**Task instructions:** Among the lines of the listing below, retype exactly those from the one containing "주가가 하락하고 있을 때 수급을 확인해 보고" through the one containing "近日,理学院化学系李文豪课题组发表最新单原子催化剂综述,相关成果From lab-scale to", both included. Do not include pictures.

[Input]

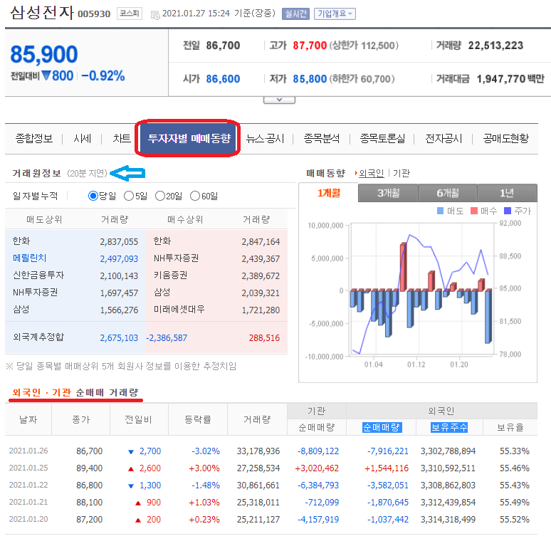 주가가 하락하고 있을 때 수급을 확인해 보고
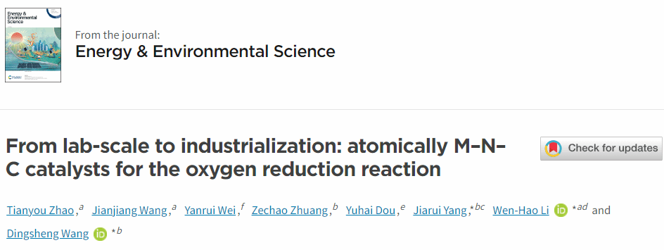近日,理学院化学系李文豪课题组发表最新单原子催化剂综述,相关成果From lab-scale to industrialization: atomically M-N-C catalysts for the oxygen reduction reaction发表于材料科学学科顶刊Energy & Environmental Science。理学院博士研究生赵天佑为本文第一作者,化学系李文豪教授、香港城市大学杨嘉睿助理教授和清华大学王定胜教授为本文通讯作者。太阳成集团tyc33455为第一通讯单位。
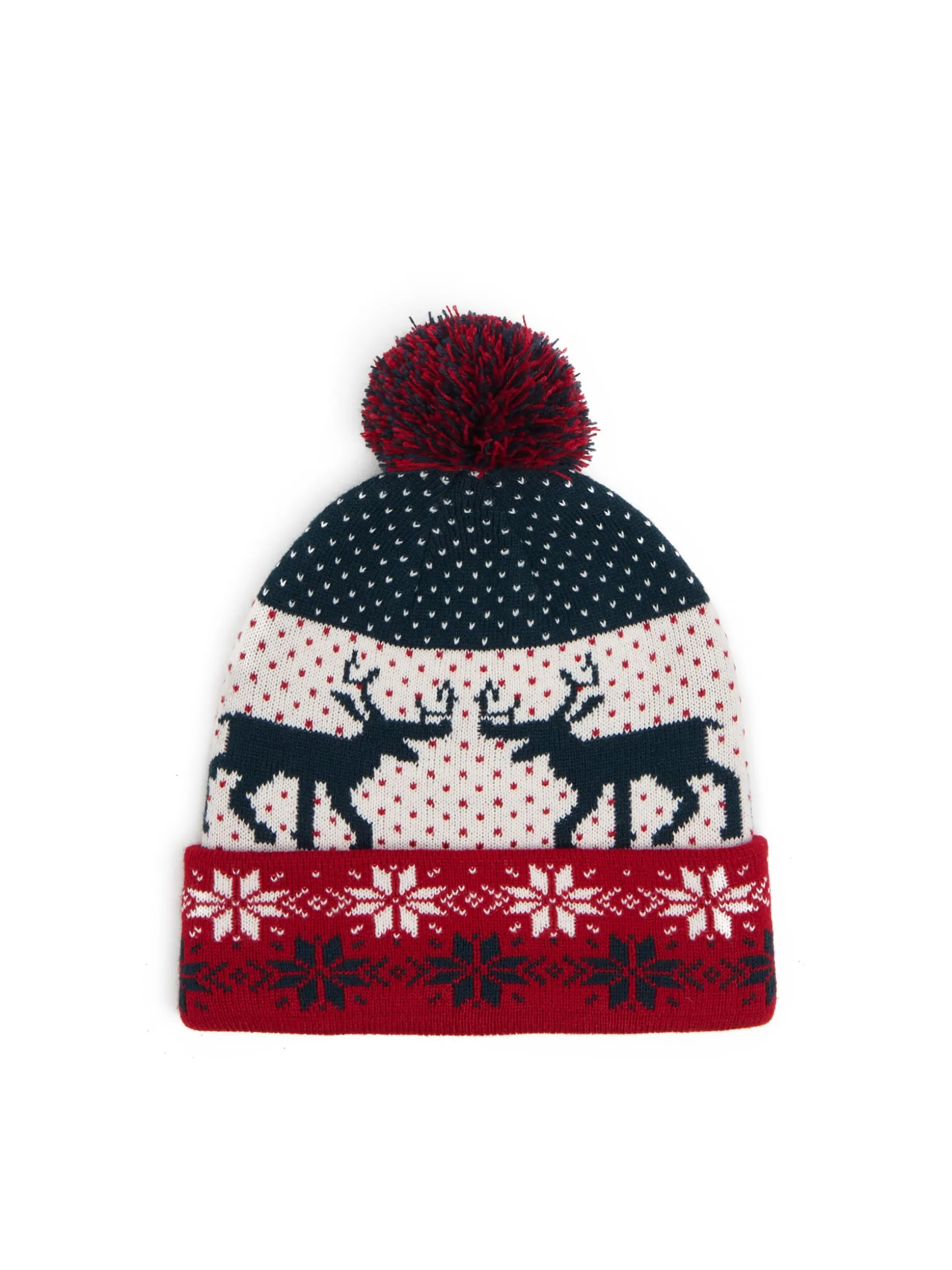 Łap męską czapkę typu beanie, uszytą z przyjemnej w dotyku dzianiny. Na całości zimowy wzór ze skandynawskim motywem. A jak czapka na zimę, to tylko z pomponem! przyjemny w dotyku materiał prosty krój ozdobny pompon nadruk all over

[/Input]
[Input]

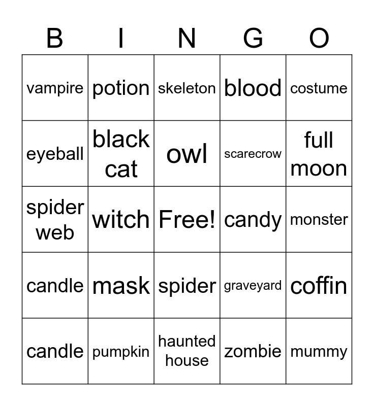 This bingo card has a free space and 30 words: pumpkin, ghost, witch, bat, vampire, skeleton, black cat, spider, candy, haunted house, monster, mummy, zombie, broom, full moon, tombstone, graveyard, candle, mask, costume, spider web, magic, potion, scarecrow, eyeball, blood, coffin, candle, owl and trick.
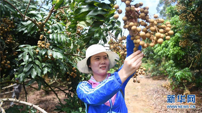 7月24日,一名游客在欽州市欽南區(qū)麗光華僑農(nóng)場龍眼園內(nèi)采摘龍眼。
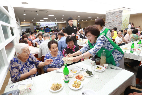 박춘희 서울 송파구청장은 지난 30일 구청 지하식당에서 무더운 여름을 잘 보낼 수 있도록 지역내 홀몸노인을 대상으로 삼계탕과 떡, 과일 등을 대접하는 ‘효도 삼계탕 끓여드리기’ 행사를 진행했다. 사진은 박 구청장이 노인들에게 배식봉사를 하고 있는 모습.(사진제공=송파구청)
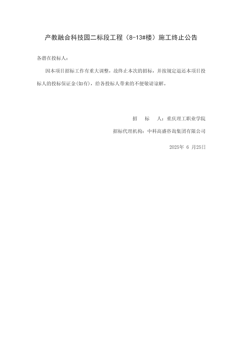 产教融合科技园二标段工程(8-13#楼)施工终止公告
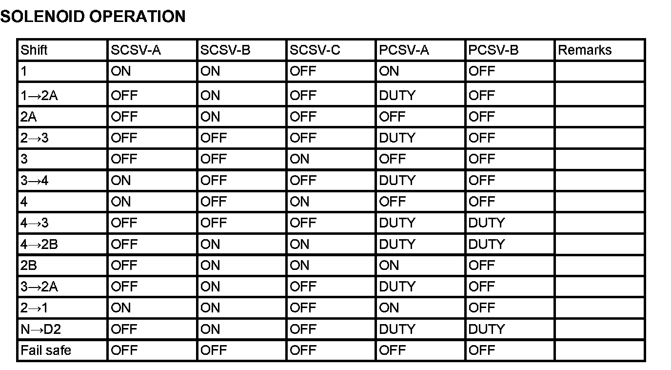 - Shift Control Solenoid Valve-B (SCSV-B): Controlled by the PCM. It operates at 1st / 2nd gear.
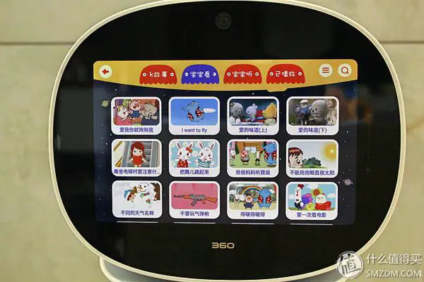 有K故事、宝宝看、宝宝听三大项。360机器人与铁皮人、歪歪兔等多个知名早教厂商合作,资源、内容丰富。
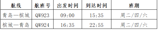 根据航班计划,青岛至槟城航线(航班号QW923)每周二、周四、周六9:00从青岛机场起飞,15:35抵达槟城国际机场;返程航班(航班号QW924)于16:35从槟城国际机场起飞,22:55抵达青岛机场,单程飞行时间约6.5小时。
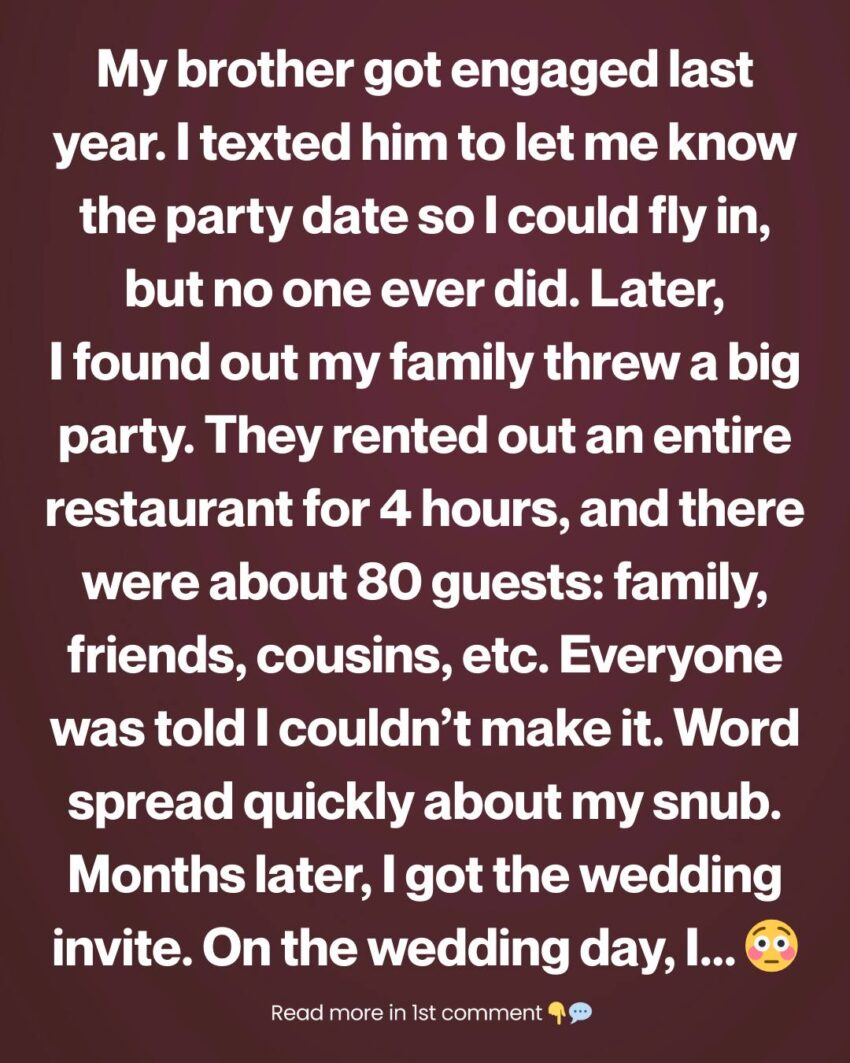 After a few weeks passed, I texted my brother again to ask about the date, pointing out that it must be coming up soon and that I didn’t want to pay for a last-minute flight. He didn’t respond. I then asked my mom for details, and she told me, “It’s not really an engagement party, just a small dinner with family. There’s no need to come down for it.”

[/Input]
[Input]

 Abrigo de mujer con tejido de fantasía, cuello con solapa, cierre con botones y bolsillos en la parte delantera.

[/Input]

**Task solution:**
 주가가 하락하고 있을 때 수급을 확인해 보고
近日,理学院化学系李文豪课题组发表最新单原子催化剂综述,相关成果From lab-scale to industrialization: atomically M-N-C catalysts for the oxygen reduction reaction发表于材料科学学科顶刊Energy & Environmental Science。理学院博士研究生赵天佑为本文第一作者,化学系李文豪教授、香港城市大学杨嘉睿助理教授和清华大学王定胜教授为本文通讯作者。太阳成集团tyc33455为第一通讯单位。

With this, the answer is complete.